---
title: "Using the ReactomeGSA package"
author: "Johannes Griss"
date: "`r Sys.Date()`"
output: rmarkdown::html_vignette
vignette: >
  %\VignetteIndexEntry{Using the ReactomeGSA package}
  %\VignetteEngine{knitr::rmarkdown}
  %\VignetteEncoding{UTF-8}
---

```{r setup, include = FALSE}
knitr::opts_chunk$set(
  collapse = TRUE,
  comment = "#>"
)
```

## Introduction

The ReactomeGSA package is a client to the web-based Reactome Analysis System. Essentially, it performs a gene set analysis using the latest version of the Reactome pathway database as a backend.

The main advantages of using the Reactome Analysis System are:

  * Simultaneous analysis and visualization of different types of 'omics data
  * Support for direct comparison across different species
  * Directly linked with Reactome's powerful pathway browser producing publication-ready figures of your gene set analysis

### Citation

To cite this package, use 

```
Griss J. ReactomeGSA, https://github.com/reactome/ReactomeGSA (2019)
```

## Installation

The `ReactomeGSA` package can be directly installed from Bioconductor:

```{r}
if (!requireNamespace("BiocManager", quietly = TRUE))
    install.packages("BiocManager")

if (!require(ReactomeGSA))
  BiocManager::install("ReactomeGSA")
```

For more information, see https://bioconductor.org/install/.

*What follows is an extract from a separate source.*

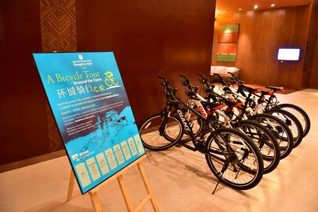 在大堂一角,我发现了几辆很新的山地车,还有一个写着“环城旅行之旅”的介绍海报。原来在拉萨香格里拉酒店,入住豪华阁的客人可以免费借用自行车骑行,其他房型的客人付一定的费用,也可以使用自行车。这真是太方便了,因为酒店距离拉萨主要景点很近,比如到布达拉宫骑行约10分钟,到离酒店最近的景点罗布林卡骑行只要5份钟左右,于是我决定第二天骑自行车继续我的拉萨闻香之旅。

## Getting available methods

The Reactome Analysis System will be continuously updated. Before starting your analysis it is therefore a good approach to check which methods are available.

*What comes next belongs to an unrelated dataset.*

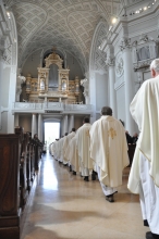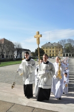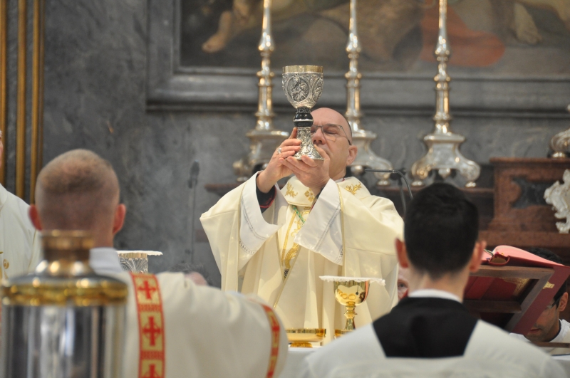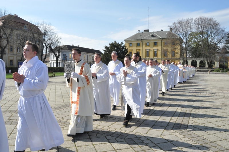 A váci Nagyboldogasszony-székesegyházban tartott szentmisén ezúttal több mint hetven egyházmegyei szolgálatban tevékenykedő pap és szerzetes gyűlt össze a megyés főpásztor körül. A szertartáson jelen voltak dr. Beer Miklós és dr. Varga Lajos nyugalmazott püspökök, valamint Balogh Péter Piusz premontrei gödöllői apát. Velük együtt szolgált az egyházmegye több mint húsz állandó diakónusa, lektorok és akolitusok. A váci hívek is szép számban vettek részt a szertartáson, amelyre a kedvező időjárás lehetővé tette a nagy bevonulást a püspöki palotától a székesegyházig vezető úton.

This can simply be done by using:

```{r show_methods}
library(ReactomeGSA)

available_methods <- get_reactome_methods(print_methods = FALSE, return_result = TRUE)

# only show the names of the available methods
available_methods$name
```

To get more information about a specific method, set `print_details` to `TRUE` and specify the `method`:

```{r get_method_details}
# Use this command to print the description of the specific method to the console
# get_reactome_methods(print_methods = TRUE, print_details = TRUE, method = "PADOG", return_result = FALSE)

# show the parameter names for the method
padog_params <- available_methods$parameters[available_methods$name == "PADOG"][[1]]

paste0(padog_params$name, " (", padog_params$type, ", ", padog_params$default, ")")
```

## Creating an analysis request

To start a gene set analysis, you first have to create an analysis request. This is a simple S4 class that takes care of submitting multiple datasets simultaneously to the analysis system.

When creating the request object, you already have to specify the analysis method you want to use:

```{r create_request}
# Create a new request object using 'Camera' for the gene set analysis
my_request <-ReactomeAnalysisRequest(method = "Camera")

my_request
```

## Setting parameters

To get a list of supported parameters for each method, use the `get_reactome_methods` function (see above).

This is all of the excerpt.